4Department of Nephrology, Caen University Hospital, Caen, France.
5Department of Nephrology, Reims University Hospital, Reims, France.
6Department of Nephrology, Rennes University Hospital, Rennes, France.
7Department of Nephrology, Angers University Hospital, Angers, France.
8Department of Nephrology, Rouen University Hospital, Rouen, France.
9Department of Nephrology, Brest University Hospital, Brest, France.
10Department of Nephrology, Poitiers University Hospital, Poitiers, France.
11Department of Nephrology, Clermont Ferrand University Hospital, Clermont Ferrand, France.
12Department of Nephrology, Limoges University Hospital, Limoges, France.
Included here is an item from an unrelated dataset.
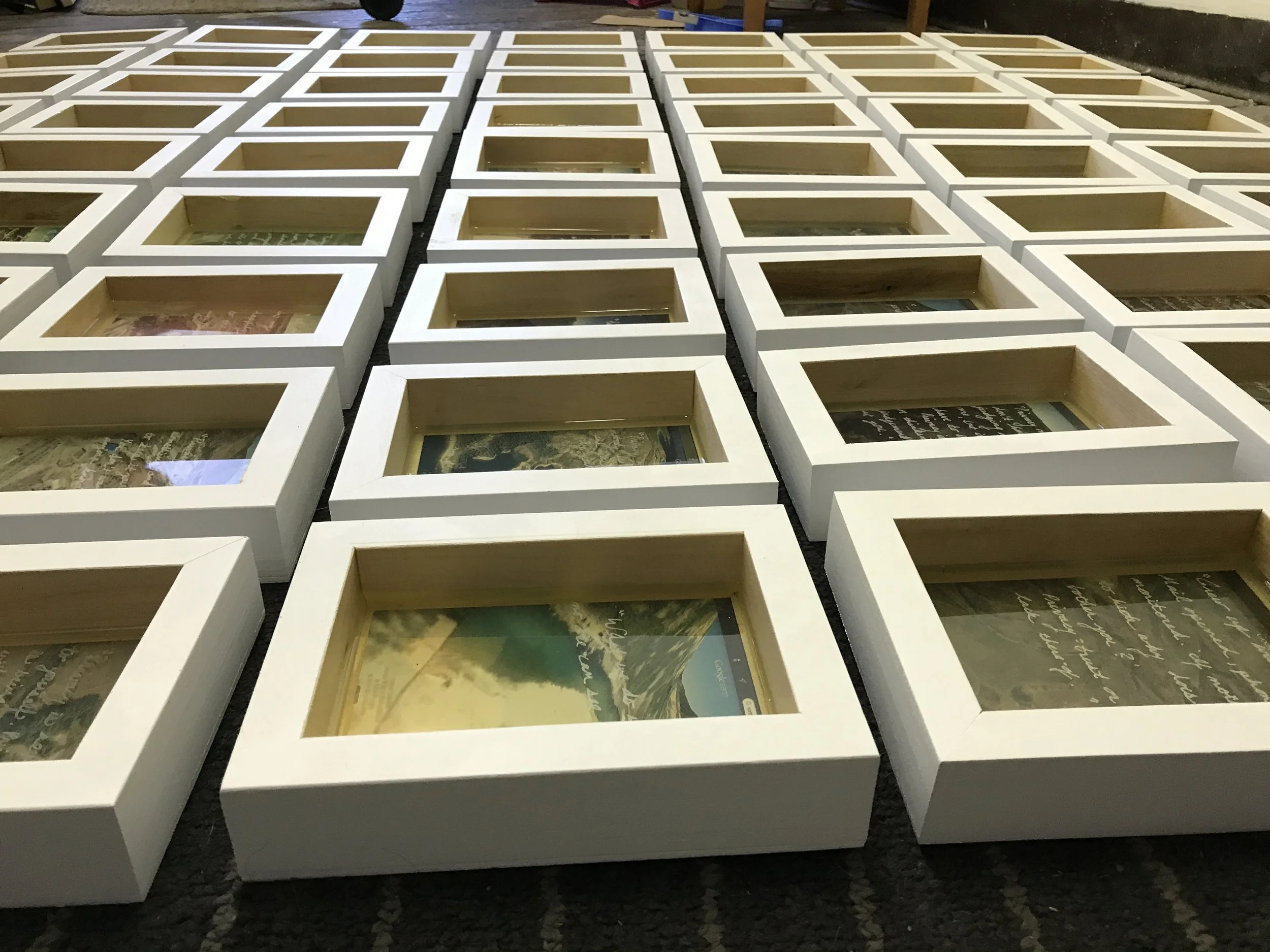 Photographs of landscapes in North Korea, taken using Google Earth, embedded in resin with quotes about privacy.

13Department of Nephrology, Hemodialysis, Apheresis and Kidney Transplantation, CHU Grenoble-Alpes, Grenoble, France; Grenoble-Alpes University, Grenoble, France. Electronic address: lrostaing@chu-grenoble.fr.
Abstract
Purpose: Kidney transplant recipients (KTRs) are frequently infected with chronic hepatitis C virus (HCV), which can increase the risk of graft loss. Active HCV infections among KTRs are associated with shorter survival times. The emergence of very efficient interferon-free treatments (direct-acting antivirals [DAAs]) has revolutionized prognoses for chronic viral hepatitis. We performed a multicenter study where HCV (+)/RNA (+) KTRs were followed up and either received DAAs (group A) or not (group B) according to the transplant center. The aim was to assess, in a real-life setting, the impact of DAA therapy and to compare these results with those from HCV RNA (+) KTRs where HCV infection was not treated during the same period.
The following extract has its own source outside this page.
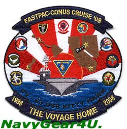 当時、CVW-5(第5空母航空団/NF)が空母CV-63キティホークに搭載され、実施したラストクルーズの記念パッチ"THE VOYAGE HOME 1998-2008"。今クルーズではハワイにてCVN-73ジョージ・ワシントンと交替予定であったが、火災等により遅延、急遽米本土のサンディエゴNBにおいてSWAPすることになり、RIMPAC演習後ハワイ経由で東太平洋を航海、本土に到着している。パッチは旭日をバックに航行するキティホークとCVW-5所属全飛行隊のインシグニアが刺繍、さらに今回の寄港地であるグアム、ハワイ、サンディエゴと一部艦載機が展開したNASファロンのマップがデザイン。左右12.6cmの迫力の1枚。当店デッドストック品。

Methods: This study included 66 patients from 11 centers: 44 patients (66.7%; group A) received DAAs, whereas 22 patients did not (group B); the 2 groups were comparable according to baseline data. Most patients (88.6%) received sofosbuvir, 50% received ledipasvir, and 34.7% received daclatasvir. The duration of treatments ranged from 8 to 24 weeks.
Results: HCV RNA clearance (ie, a sustained virologic response) was observed in 95.4% of treated patients. Eradication of HCV led to a significant decrease in liver enzymes (50% reduction for alanine aminotransferase [P ≤ .001] and 41% for gamma glutamyl transpeptidase [P < .001]). Conversely, liver enzymes did not decrease in group B. Death occurred significantly more frequently in nontreated than treated patients (3 in group B vs none in group A, P = .003). Of the 10 treated patients with severe renal impairment before DAA therapy, 6 experienced graft loss.
Conclusion: DAAs are very effective at treating chronic HCV and have an excellent tolerance profile.